Whenever one user is involved, there is little need for a function where more than 11 simultaneous finger touches are recognized by the smart phone or tablet screen. Nor is there much need for a function whereby multiple physical objects can interact with the touch screen. These types of applications are simply not of a concern for smart phones/tablet users.

US7928965 describes the combination of radio frequency identification technology with capacitive touch screen technology using the typical drive line and sense line structure.

According to one embodiment of US7928965, a single radio frequency loop antenna is formed on the same side of either the drive lines or the sense lines, with either the drive lines or the sense lines entirely enclosed within the loop antenna. In this design the loop antenna will have to be slightly larger than the entire area of the drive lines or sense lines. However, there is a limit as to how large the loop antenna can be implemented without introducing a center region incapable of radio frequency detection. Therefore, this design is impractical for a large panel (e.g., larger than a square of 20 cm by 20 cm) .

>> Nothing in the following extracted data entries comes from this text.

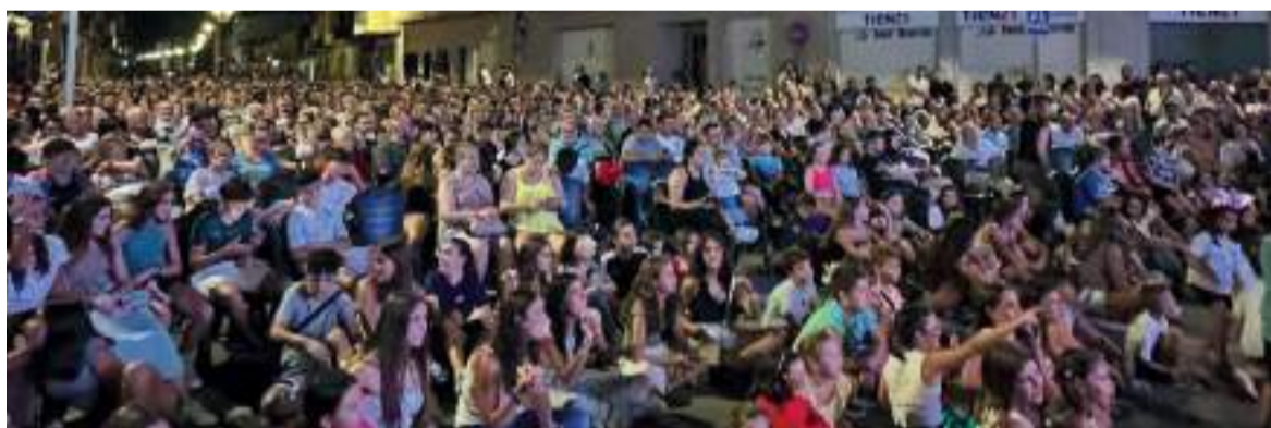
Molt de públic en les actuacions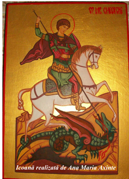
Icoană realizată de Ana Maria Axinte

În această sfântă zi, dorim să-i felicităm pe creștinii noștri care își serbează ziua numelui. De asemenea, adresăm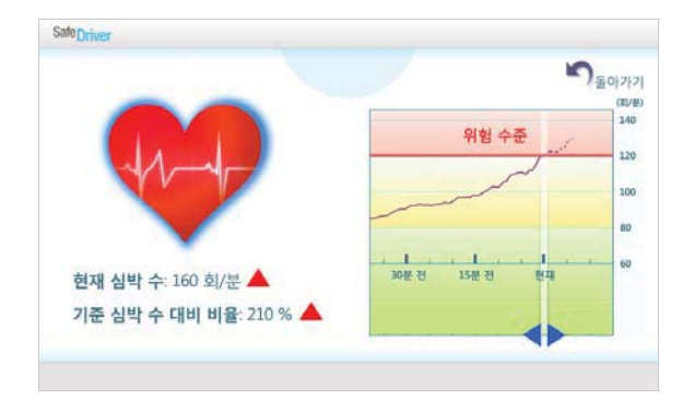
Figure 7. Heart rate history indicator (illustrated)

According to another embodiment of US7928965, a loop antenna is formed inside the drive lines. Unfortunately, such a design would disrupt the uniformity of the drive and sense lines, and thus, would negatively impact the effectiveness of the capacitive touch interactions by the user.

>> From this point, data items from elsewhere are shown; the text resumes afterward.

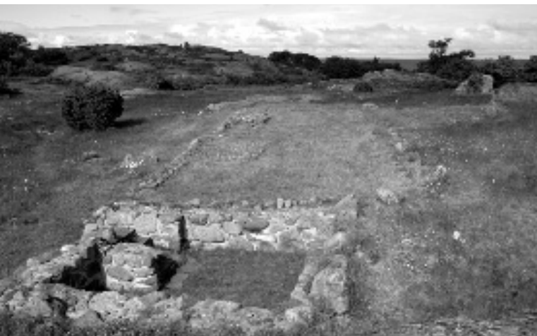
Södra huset, daterat till 1300-talet.

Till vänster om dörren hänger fattigbössan och jag sneglar mot den utstötta Brita-Lisas bänk längst bak i kyrkan. Jag skriver mitt namn i gästboken och vandrar mot altaret. Ser upp till läktaren med sin vackra orgel, konstaterar som alltid att kyrktaket från insidan liknar en upp och nedvänd båt. Vid varje besök vill jag gå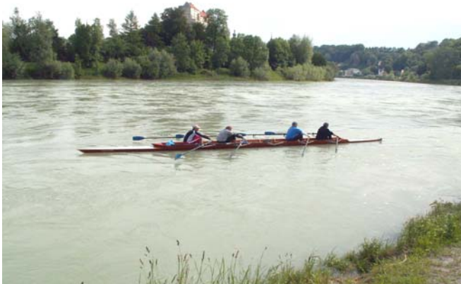
„Los geht's!“ ... im Hintergrund Burghausen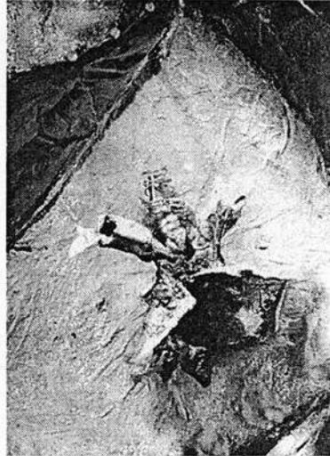
Le monde entier est un théâtre, dit le programme, shakespeareien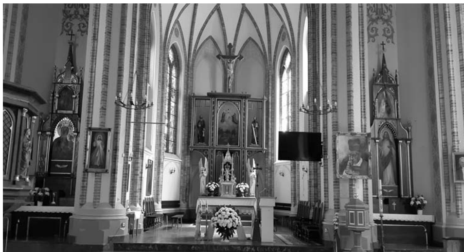
Fot. 9. Wnętrze kościoła parafialnego pw. Przemienienia Pańskiego w Zuzeli. Z prawej strony zdjęcia chrzcielnica, nad nią wizerunek kard. Stefana Wyszyńskiego. Z lewej strony obraz Matki Bożej Częstochowskiej, przed którym modliła się rodzina Wyszyńskich.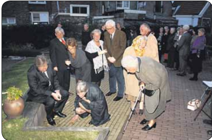
Regenten, oud-regenten en bewoners van het Johannes Enschedéhof én hofje van Bakenes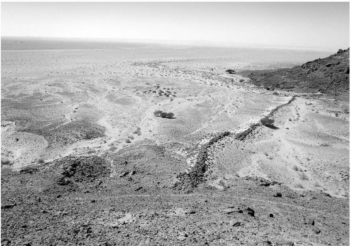
Abb. 5: Blick von Nord-Osten, Mauer mit einfachem Tor und außerhalb der Mauer liegende Friedhöfe.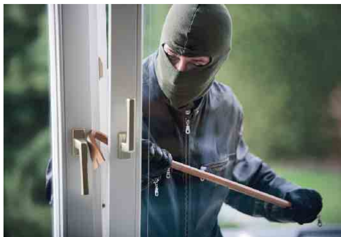
Gekippte Fenster bieten Einbrechern ideale Einstiegshilfen.

ter einzuplanen. Schließzylinder sollten gegen Abbrechen, Herausreißen und Kernziehen geschützt werden. Auch wichtig: den eigenen Haustürschlüssel nie draußen deponieren und die Haustür immer abschließen. Außenbereiche sollten beleuchtet sein, beispielsweise mit Bewegungsmeldern. Und nicht zuletzt sollte man weder auf dem eigenen Anrufbeantworter noch in den sozialen Netzwerken Hinweise auf die geplante Abwesenheit hinterlassen. (akz-o)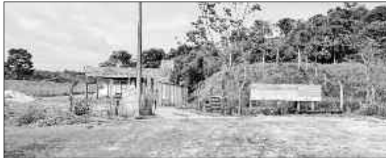
Mais uma obra sendo executada na cidade de Pilar de Goiás: avanços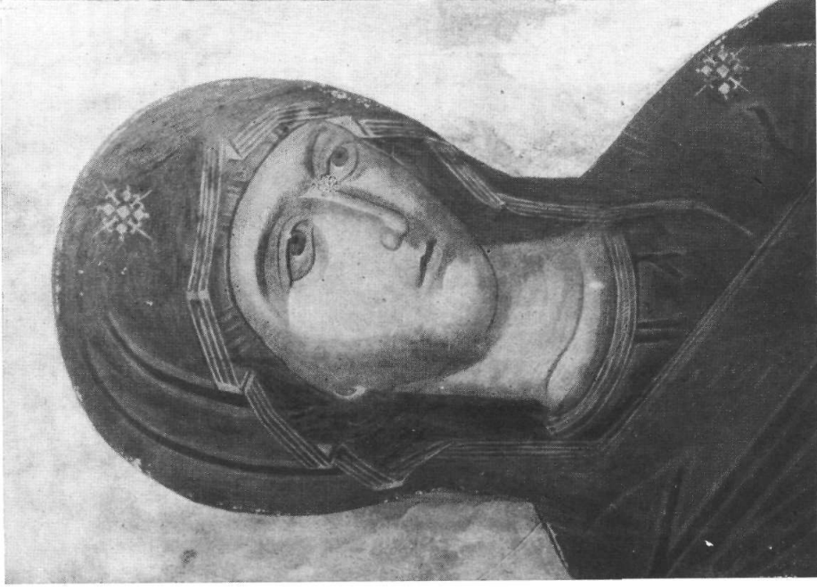
Ὁ Προπάτου τῶν Καρυῶν Ἁγίου Ὁρους.

Although, using multiple loop antennas designed on a panel surface separate from the drive and sense lines would enable a large touch screen with uniformed radio frequency detection functionality, this design would still be limited in that it would not easily detect small conductive objects or be able to detect 11+ simultaneous touches.

Indeed, the biggest problem in using systems and methods similar to US7928965 is that, currently, there exist no commercially available computer chips that can derive more than 11 independent touches. Thus, the system and accompanying method described in US7928965 cannot be realistically implemented if one required an 11+ simultaneous touch recognition function. Furthermore, since there currently exist no commercially readily available chips that enable a capacitive touch screen to readily detect capacitive coupling from small conductive objects, US7928965 can neither be used if one required interaction between the touch screen and physical objects.

Therefore, a new type of interactive panel that can detect a much higher number of simultaneous touches than the current state of the art as well as allows for the detection and recognition of small conductive objects is desirable.

SUMMARY OF INVENTION

The present invention discloses an apparatus and method to combine the functionalities of radio frequency identification and capacitive sensing in a single interactive panel. The panel is capable of detecting an object with a low capacitive detection threshold, and a finger touch with a high capacitive detection threshold. Furthermore, the panel is capable of detecting many objects at the same time, well above the 11 independent touch points typically afforded by a touch screen of a smart phone or smart tablet computer. Such an apparatus could, for example, allow for a large number of letter-imprinted cards to generate real-time feedback whenever placed upon an interactive panel. This would become a useful language teaching tool for small children.

The apparatus of the present invention includes: an interactive panel that comprises one or more layers； an array of capacitive sensing electrodes on a first surface of a first layer, wherein each of the capacitive sensing electrodes is wired to sense a capacitive action independent from any other capacitive sensing electrodes； an array of RF loop antennas on a second surface of a second layer, wherein the detection range of each of the RF loop antennas spatially encompasses a subset of the capacitive sensing electrodes； an electrode processor that connects with each of the capacitive sensing electrodes, and an antenna processor that connects with each of the RF loop antenna.

The method of the present invention includes: forming an array of capacitive sensing electrodes on a first surface of a first layer of the interactive panel, wherein each of the capacitive sensing electrodes is wired to sense a capacitive action independent from any other capacitive sensing electrodes； forming an array of RF loop antennas on a second surface of a second layer of the interactive panel, wherein the detection range of each of the RF loop antennas spatially encompasses a subset of the capacitive sensing electrodes； connecting with, each of the capacitive sensing electrodes by an electrode processor, and each of the RF loop antenna by a antenna processor.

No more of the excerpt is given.